The Floyd judgment does approach this in 57 and 58, as you say, by reference to Taylor v OCS Group Ltd [2006] EWCA Civ 702. Taylor v OCS at 72 says:

“In the context of the DDA, an employer cannot discriminate against the employee unless he treats the disabled employee differently for a reason (present in his, the employer’s mind) which is related to the employee’s disability.”

This is a major difference to the interpretation of ‘for a reason’ set out by the Court of Appeal in Novacold. The judgment in OCS distinguishes Novacold by saying that the treatment in Novacold was clearly for a reason related to disability, so the judgment offers no aid on ‘reason related to…’. But this dismissal doesn’t actually stand up. If it did then the whole logic of the comparator set out in Novacold would make no sense at all, as it is based on an analyis of what the term ‘reason’ actually means, and it is not the meaning that is set out in OCS.

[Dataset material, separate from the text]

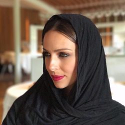 La presentadora ha querido compartir con sus seguidores una fotografía posando con un hiyab negro, velo típico que llevan algunas mujeres en la religión musulmana.

The stakes become clear at this point. It is not, in the end, about whether the DDA applies to mandatory possession claims. As far as I can see Floyd gives no reason at all why it would not – while not actually having to decide the issue in this case. The argument – or significant difference of position – is about the interpretation of ‘for a reason related to his disability’ tout court, pitting OCS against the line of Novacold judgments, including Malcolm and Romano, and affecting the entire application of the DDA.

But even if the OCS approach was right, and I’m sure the House of Lords will hear it in Malcolm shortly, that would not stop the DDA having potential application in mandatory possession claims. For example, what of a s.21 possession that could be shown to have been undertaken because the landlord did not want a disabled person to remain in the property? Is the only recourse of the ex-tenant to be to a claim for compensation, while the County Court aids an unlawful act?